# [WHAT YOU WILL DO]
Provide again, from the entries below, every line from the one containing "Nietmuttern-Sortiment | Aluminium | 150-tlg." through the one containing "Fast switching speed", exactly as written, and no other line.

RECORDS SHOWN section start

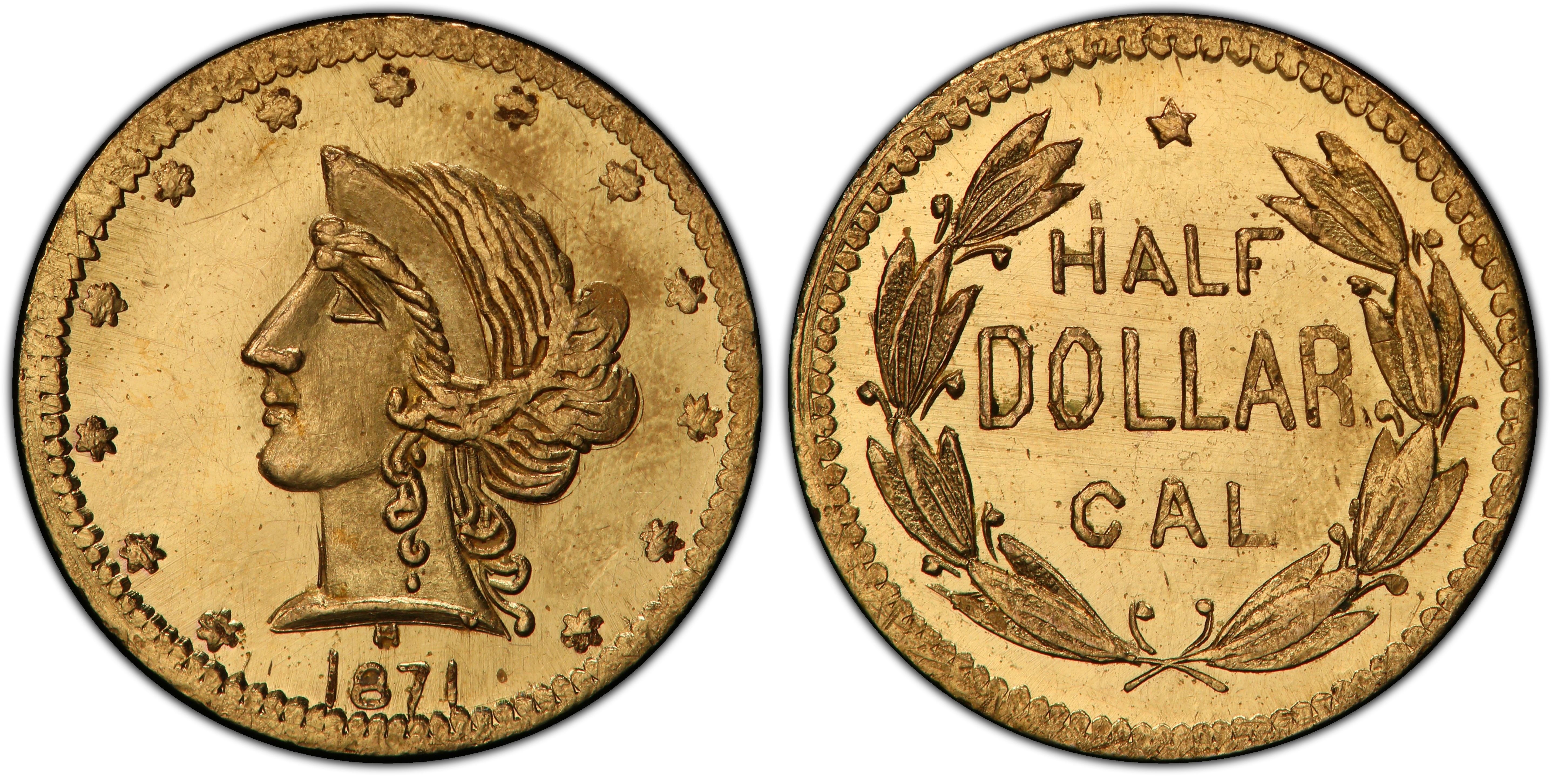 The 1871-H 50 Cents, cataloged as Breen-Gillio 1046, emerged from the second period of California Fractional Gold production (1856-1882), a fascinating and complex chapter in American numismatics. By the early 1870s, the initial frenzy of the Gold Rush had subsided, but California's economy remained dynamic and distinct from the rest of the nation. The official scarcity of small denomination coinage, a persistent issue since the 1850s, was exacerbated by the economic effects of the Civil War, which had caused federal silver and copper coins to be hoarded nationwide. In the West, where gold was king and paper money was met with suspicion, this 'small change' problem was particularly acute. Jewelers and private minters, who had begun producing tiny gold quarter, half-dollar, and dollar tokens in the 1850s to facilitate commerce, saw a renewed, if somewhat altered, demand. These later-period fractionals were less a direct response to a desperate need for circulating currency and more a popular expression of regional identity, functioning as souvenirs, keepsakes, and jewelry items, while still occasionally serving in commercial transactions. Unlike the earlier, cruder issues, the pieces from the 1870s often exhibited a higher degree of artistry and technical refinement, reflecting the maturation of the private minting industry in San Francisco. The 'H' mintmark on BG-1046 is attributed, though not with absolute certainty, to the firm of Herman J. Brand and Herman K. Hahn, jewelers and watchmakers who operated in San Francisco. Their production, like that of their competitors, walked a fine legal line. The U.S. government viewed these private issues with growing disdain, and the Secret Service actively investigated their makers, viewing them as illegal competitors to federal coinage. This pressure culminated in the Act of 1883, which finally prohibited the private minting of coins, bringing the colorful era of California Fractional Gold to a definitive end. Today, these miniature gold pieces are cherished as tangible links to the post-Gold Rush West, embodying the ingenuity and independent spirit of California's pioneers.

RECORDS SHOWN section end
RECORDS SHOWN section start

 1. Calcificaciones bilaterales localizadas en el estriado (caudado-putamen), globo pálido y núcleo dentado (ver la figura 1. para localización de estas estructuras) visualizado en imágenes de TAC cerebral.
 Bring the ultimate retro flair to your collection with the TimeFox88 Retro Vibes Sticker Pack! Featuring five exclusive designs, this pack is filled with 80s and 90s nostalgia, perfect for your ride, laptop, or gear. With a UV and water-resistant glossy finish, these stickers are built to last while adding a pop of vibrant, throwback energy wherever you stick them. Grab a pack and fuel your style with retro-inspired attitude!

RECORDS SHOWN section end
RECORDS SHOWN section start

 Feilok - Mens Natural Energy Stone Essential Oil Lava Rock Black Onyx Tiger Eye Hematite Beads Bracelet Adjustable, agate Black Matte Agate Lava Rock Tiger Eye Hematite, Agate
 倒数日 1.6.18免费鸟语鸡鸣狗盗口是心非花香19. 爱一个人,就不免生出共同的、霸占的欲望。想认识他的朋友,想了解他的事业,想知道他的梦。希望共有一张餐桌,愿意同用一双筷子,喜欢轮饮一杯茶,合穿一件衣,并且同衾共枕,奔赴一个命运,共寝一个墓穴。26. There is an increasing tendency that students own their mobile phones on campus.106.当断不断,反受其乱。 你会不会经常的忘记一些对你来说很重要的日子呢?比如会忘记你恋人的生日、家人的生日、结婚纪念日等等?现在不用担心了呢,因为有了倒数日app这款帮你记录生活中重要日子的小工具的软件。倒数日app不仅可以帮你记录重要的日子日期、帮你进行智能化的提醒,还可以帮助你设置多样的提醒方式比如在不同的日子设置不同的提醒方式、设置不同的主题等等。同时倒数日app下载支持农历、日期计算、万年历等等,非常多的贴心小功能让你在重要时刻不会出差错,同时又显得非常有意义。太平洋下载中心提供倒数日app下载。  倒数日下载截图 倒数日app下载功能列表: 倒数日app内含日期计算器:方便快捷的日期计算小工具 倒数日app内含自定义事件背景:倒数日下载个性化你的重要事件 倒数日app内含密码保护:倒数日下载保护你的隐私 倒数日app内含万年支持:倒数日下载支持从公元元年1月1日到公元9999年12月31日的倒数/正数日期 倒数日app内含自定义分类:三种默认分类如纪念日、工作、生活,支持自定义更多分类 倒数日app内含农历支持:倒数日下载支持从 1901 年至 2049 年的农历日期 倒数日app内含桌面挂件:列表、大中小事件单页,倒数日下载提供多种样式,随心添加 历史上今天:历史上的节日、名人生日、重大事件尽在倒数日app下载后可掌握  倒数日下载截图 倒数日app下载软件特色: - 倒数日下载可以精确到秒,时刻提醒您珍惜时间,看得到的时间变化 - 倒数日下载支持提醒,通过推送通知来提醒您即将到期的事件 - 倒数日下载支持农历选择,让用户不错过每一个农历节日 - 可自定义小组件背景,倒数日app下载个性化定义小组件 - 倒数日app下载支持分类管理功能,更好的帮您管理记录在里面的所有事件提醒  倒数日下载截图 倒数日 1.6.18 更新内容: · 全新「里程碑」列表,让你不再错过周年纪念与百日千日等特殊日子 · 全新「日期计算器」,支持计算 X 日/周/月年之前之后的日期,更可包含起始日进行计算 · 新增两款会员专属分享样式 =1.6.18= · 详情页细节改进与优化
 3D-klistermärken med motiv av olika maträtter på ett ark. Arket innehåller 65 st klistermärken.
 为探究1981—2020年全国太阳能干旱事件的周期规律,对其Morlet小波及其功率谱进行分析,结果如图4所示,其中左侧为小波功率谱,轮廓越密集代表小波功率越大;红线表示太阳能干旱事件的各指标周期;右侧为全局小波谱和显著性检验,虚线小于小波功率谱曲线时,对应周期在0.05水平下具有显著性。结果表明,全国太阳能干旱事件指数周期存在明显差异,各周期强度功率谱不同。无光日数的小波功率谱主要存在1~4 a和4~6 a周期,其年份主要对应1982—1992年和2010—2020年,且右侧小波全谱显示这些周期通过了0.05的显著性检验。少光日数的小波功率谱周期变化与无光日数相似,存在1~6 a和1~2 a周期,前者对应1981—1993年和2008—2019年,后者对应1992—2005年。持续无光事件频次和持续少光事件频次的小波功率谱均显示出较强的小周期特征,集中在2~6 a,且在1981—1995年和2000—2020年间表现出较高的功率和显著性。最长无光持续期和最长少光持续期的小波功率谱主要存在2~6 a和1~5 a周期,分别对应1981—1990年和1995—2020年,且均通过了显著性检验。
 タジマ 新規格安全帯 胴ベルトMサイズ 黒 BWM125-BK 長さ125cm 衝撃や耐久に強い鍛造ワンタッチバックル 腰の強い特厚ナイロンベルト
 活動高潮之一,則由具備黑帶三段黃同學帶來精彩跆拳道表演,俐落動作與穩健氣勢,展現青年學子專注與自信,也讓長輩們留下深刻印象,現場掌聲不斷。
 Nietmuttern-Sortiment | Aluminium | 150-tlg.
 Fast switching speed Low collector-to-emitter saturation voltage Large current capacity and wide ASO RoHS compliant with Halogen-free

RECORDS SHOWN section end

# [REPLY TO THE EXERCISE]
 Nietmuttern-Sortiment | Aluminium | 150-tlg.
 Fast switching speed Low collector-to-emitter saturation voltage Large current capacity and wide ASO RoHS compliant with Halogen-free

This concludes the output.